Le 17 mars, l’Union Africaine adoptait une résolution édictant des sanctions contre Madagascar ; Selon le commissaire chargé du Conseil de Paix et de Sécurité (CSP) de l’organisation continentale, « ces sanctions ne visent que le camp Rajoelina ». « Principalement les membres des Hautes Autorités, des membres des Forces armées, des tribunaux. Des sociétés pourraient bientôt faire également l’objet de sanctions » (d’après l’AFP).
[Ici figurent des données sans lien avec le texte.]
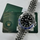 DAYTONAもカッコイイなと思いつつ、もともとGMT-MASTER II 126720VTNRが気になっていたので試着させてもらい、カラーバリエーションが豊富なので若干揺さぶられましたがBLNRのジュビリーブレスが一番気…
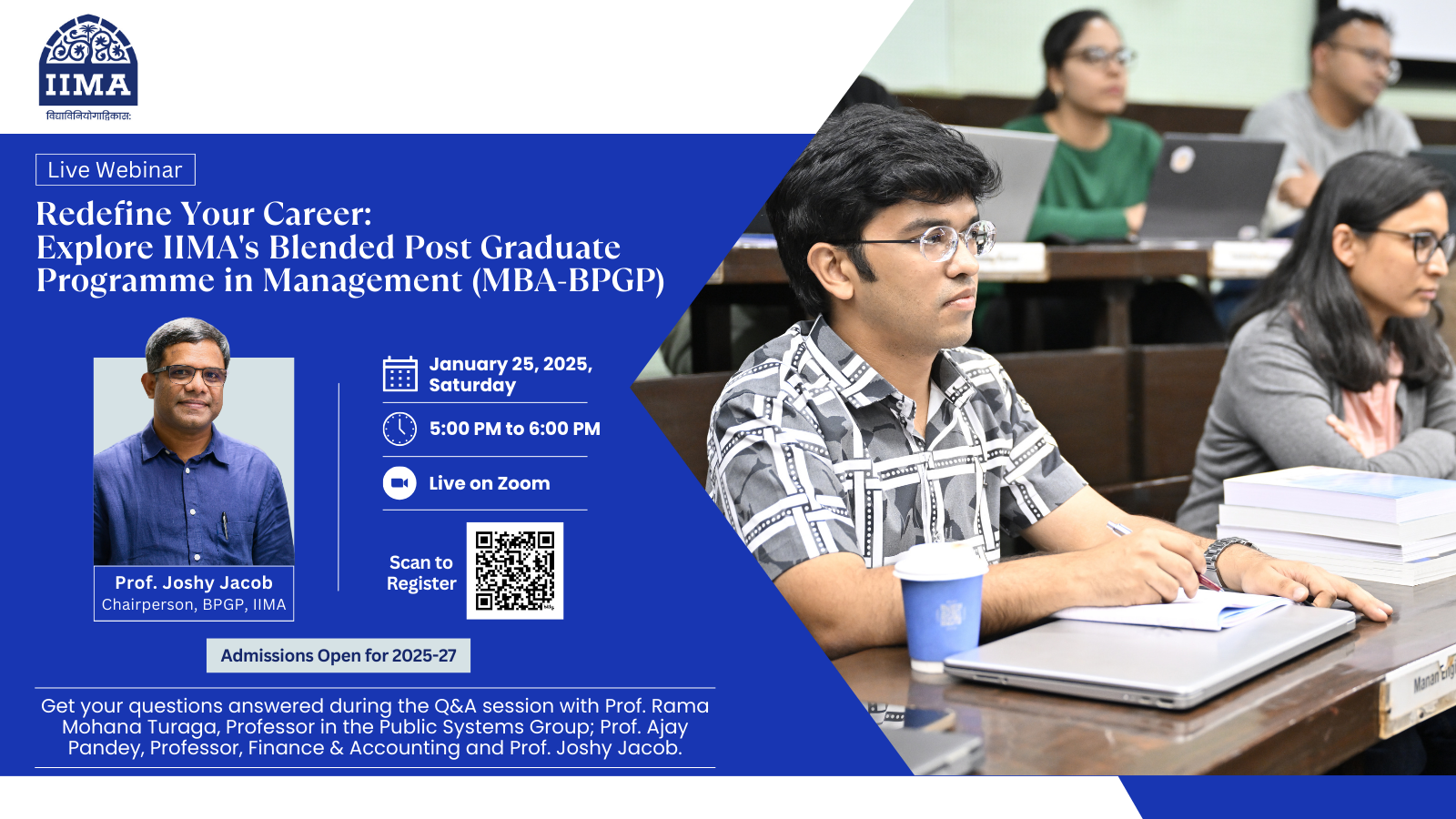 On January 25, 2025, IIM Ahmedabad hosted a webinar introducing the Blended Post Graduate Programme in Management (MBA-BPGP), a two-year degree designed for working professionals and entrepreneurs. The session featured insights by Prof. Joshy Jacob, Chairperson, BPGP; Prof. Rama Mohana Turaga, Professor, Public Systems Group, and Prof. Ajay Pandey, Professor, Finance & Accounting. The talk was followed by an engaging live Q&A. Attendees gained valuable insights into the program structure, benefits, and application process.
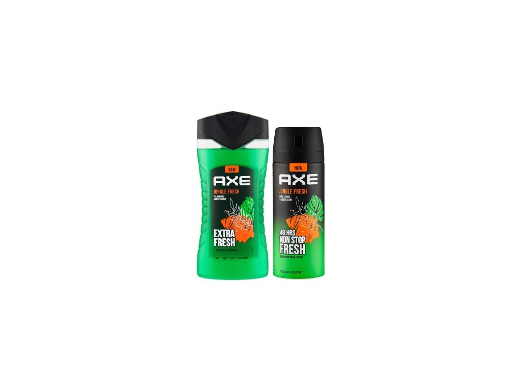 Axe balíček je zde pro každého muže, který umí ocenit eleganci a prahne za skvělou vůní. Sofistikovaná vůně využívá to nejlepší z přírody a kombinuje neodolatelnou vůni palmových listů a ambry. AXE Jungle Fresh tě provede jakýmkoli každodenním dobrodružstvím! Dárkový balíček pro muže Axe Jungle Fresh přináší mix deodorantu a sprchového gelu, který zaručí svěžest, dlouhodobou vůni a příliv sebevědomí.
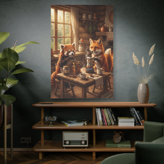 Cozy Woodland Coffee Time – Red Panda & Fox Rustic Cabin Canvas Wall Art
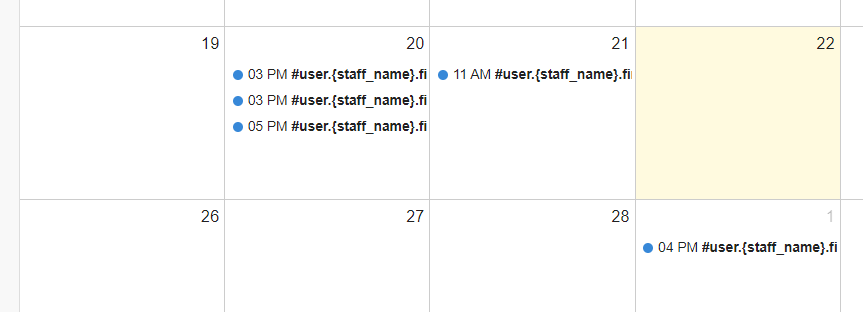 I tried the following format but it's not showing properly in the calendar ('#user.{staff_name}.firstName# #user.{staff_name}.lastName#')

En effet, 109 personnalités, en tête le Président Andry Rajoelina et son épouse, des membres de la Présidence, de la Haute Autorité de la Transition, de la Haute Cour Constitutionnelle, du Conseil Militaire pour la Défense Nationale, figurent sur la liste des « sanctionnés ». Ils sont interdits de déplacement dans certains pays africains, leurs passeports invalidés, leurs avoirs à l’étranger gelés, etc.

Cette décision de l’Union Africaine est vivement condamnée par l’opinion publique malgache qui la considère comme une humiliation, piétinant la souveraineté de Madagascar et des 20 millions de Malgaches, en cette année où le pays célèbre les 50 ans de son Indépendance.

Réplique de la Haute Autorité de la Transition

La Haute Autorité de la Transition (HAT), qui s’est réunie le jeudi 18 mars, a fermement condamné l’Union Africaine, et a préconisé l’application de diverses mesures, notamment :

- La convocation des représentants diplomatiques en fonction à Madagascar, afin qu’ils déclarent officiellement leur position face à ces sanctions de l’UA. Les ambassadeurs des Etats-Unis, de l’Afrique du Sud, du Canada, qui ont déjà publiquement soutenu le chantage de l’U.A, sont particulièrement visés par la HAT.

- Un réexamen des implications politiques des décisions de l’UA qui contredisent ses objectifs pour le développement et la coopération entre les pays membres.

- Le gel d’avoirs à Madagascar des sociétés appartenant aux chefs des trois autres mouvances.

- L’interdiction du retour au pays de Ravalomanana et Ratsiraka.

Il importe de noter que cette attitude de l’Union Africaine met dans une situation inconfortable des sociétés, comme celles qui se sont largement investies dans l’extraction des ressources minières à Madagascar (RIO TINTO - ou SHERRIT).
La HAT a par ailleurs décidé de mettre en place des structures chargées d’examiner d’éventuels partenariats avec des pays ou sociétés autres que les partenaires “traditionnels” de la Grande Ile.

Nul n’ignore que ces positions de l’Union Africaine, qui exige contre la volonté des Malgaches l’application des Accords de Maputo et d’Addis-Abeba, auront des répercussions dans le domaine social, pour ne citer que les récentes retombées des inondations provoquées par le passage du cyclone Hubert qui a causé la mort d’une cinquantaine de personnes et l’exode de plusieurs dizaines de milliers de sinistrés vivant dans les villages inondés à Farafangana, Manakara, Vohipeno, Kianjavato (Sud-Est de l’Ile).

Une des leçons à tirer de cet échec cuisant des négociations conduites par l’Union Africaine (comme ailleurs en Afrique) est la méconnaissance de l’histoire et de la vitalité des sentiments patriotiques des Malgaches.

Le cas de Madagascar interpelle la solidarité des peuples et de toutes les entités progressistes à l’étranger, qui mettent au-dessus des calculs diplomatiques et bassement matériels le devoir d’humanité.